(Problem description) When you reach the line with "Y-Shaped Lines Imprinting", start repeating the lines exactly and keep going to the end of the records, but drop every picture.

(Extracted records)
--
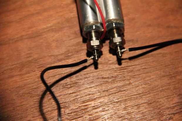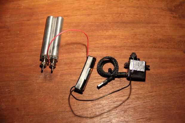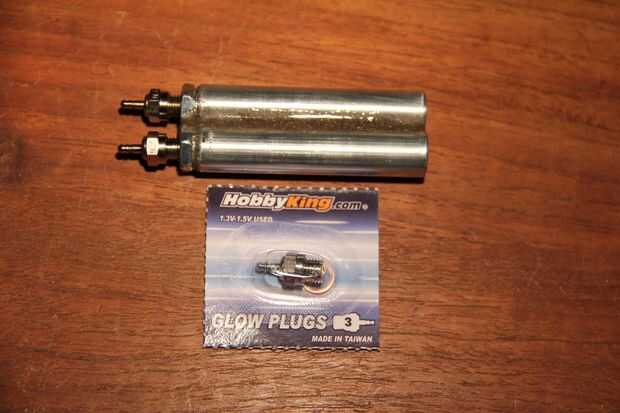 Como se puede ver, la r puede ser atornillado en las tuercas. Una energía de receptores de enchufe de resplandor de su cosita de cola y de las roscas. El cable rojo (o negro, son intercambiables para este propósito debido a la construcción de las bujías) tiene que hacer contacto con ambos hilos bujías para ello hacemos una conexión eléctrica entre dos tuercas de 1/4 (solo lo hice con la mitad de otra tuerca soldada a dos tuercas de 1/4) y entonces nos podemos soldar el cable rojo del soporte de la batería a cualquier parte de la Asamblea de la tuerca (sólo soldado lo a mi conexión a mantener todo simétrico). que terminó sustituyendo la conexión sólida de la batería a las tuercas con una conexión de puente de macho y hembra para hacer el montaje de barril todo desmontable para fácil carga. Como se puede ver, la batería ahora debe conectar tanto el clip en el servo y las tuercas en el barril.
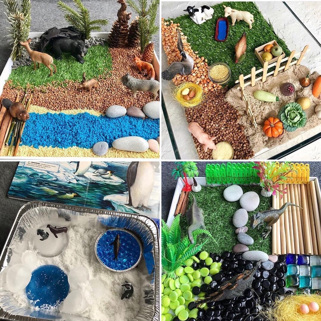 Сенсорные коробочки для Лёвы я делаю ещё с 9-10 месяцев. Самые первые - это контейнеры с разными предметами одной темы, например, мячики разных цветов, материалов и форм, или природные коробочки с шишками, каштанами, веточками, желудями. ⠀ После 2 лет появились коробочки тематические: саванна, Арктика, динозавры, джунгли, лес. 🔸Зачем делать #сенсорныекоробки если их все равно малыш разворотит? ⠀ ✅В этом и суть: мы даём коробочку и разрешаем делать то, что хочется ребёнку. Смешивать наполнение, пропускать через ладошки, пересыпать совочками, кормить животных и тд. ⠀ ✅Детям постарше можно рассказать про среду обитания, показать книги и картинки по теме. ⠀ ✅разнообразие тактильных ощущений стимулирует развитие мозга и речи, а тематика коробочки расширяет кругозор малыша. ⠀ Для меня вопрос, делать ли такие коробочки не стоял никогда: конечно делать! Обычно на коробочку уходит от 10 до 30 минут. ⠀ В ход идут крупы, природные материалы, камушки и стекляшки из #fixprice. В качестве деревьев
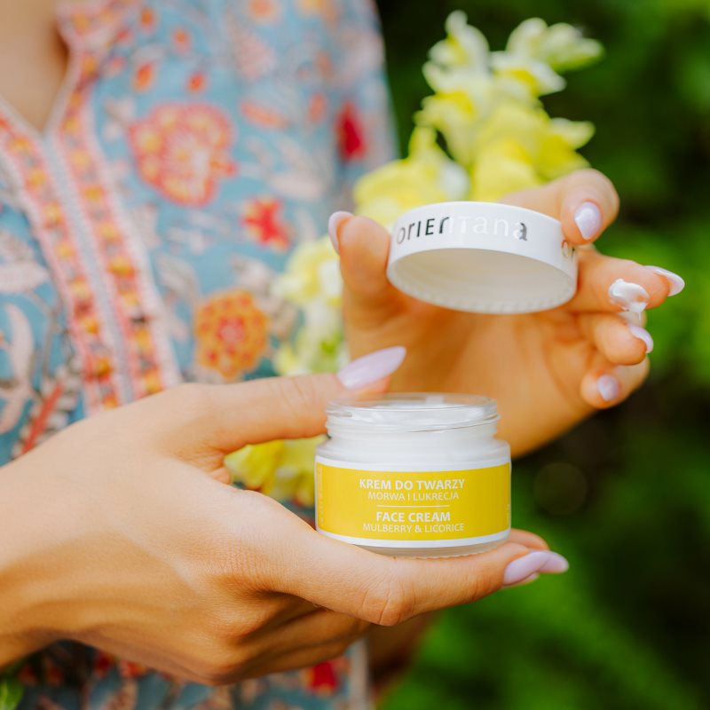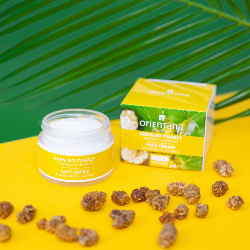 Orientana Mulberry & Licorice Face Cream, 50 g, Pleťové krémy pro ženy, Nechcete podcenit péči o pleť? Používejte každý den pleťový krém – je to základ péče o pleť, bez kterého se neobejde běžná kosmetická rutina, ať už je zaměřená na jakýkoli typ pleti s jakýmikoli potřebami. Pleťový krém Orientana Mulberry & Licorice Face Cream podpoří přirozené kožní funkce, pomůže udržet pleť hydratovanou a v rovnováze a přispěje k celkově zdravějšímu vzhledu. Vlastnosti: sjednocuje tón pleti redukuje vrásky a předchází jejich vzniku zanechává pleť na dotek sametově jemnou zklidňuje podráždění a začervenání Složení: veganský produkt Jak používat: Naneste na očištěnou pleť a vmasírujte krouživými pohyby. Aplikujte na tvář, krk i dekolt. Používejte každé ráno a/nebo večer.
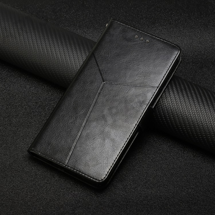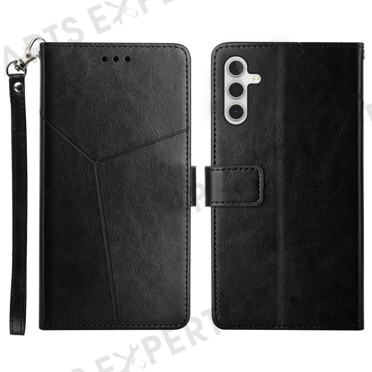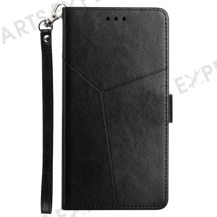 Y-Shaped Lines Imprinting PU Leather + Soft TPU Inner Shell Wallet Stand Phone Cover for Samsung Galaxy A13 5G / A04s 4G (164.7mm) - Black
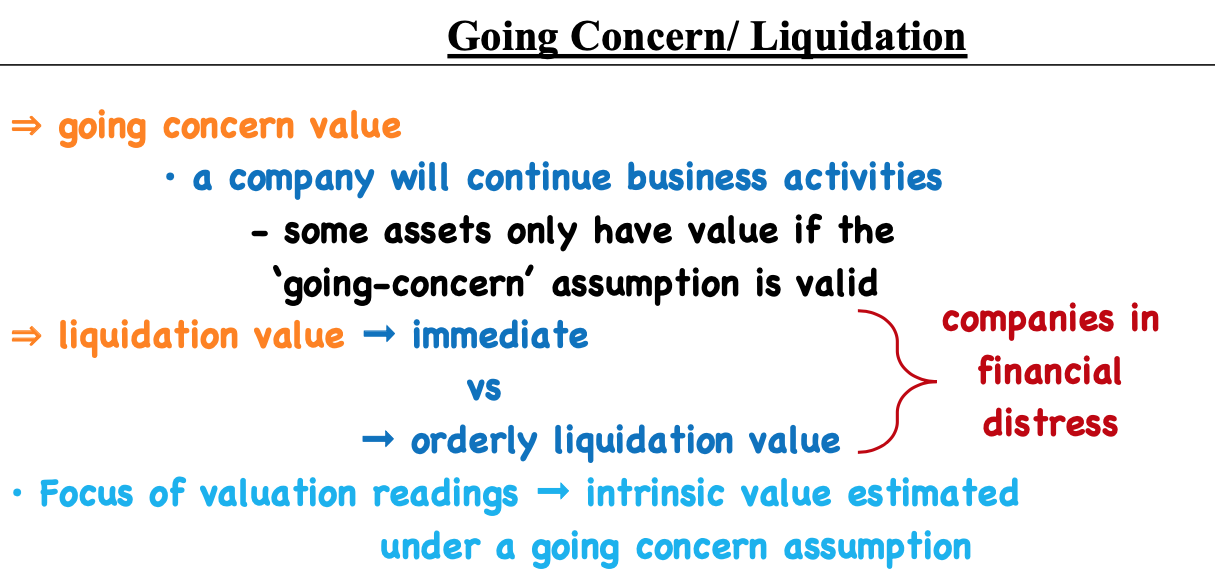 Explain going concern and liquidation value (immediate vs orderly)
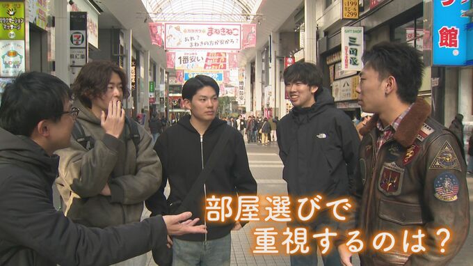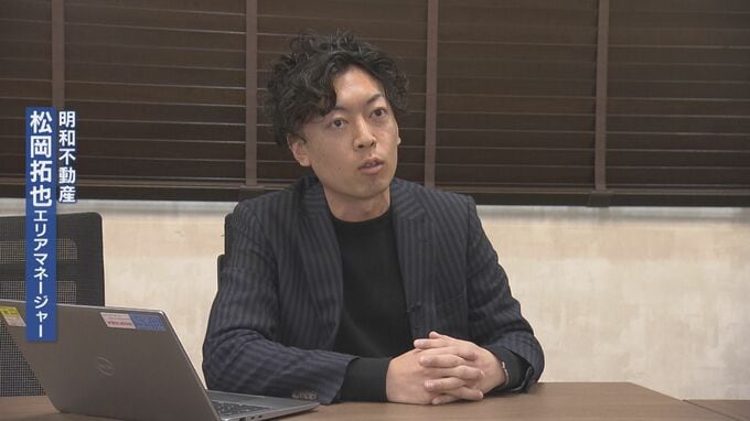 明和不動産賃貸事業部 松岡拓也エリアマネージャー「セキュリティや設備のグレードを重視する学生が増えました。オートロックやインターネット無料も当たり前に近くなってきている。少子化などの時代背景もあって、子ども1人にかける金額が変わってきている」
--
(Worked solution)
 Y-Shaped Lines Imprinting PU Leather + Soft TPU Inner Shell Wallet Stand Phone Cover for Samsung Galaxy A13 5G / A04s 4G (164.7mm) - Black
 Explain going concern and liquidation value (immediate vs orderly)
 明和不動産賃貸事業部 松岡拓也エリアマネージャー「セキュリティや設備のグレードを重視する学生が増えました。オートロックやインターネット無料も当たり前に近くなってきている。少子化などの時代背景もあって、子ども1人にかける金額が変わってきている」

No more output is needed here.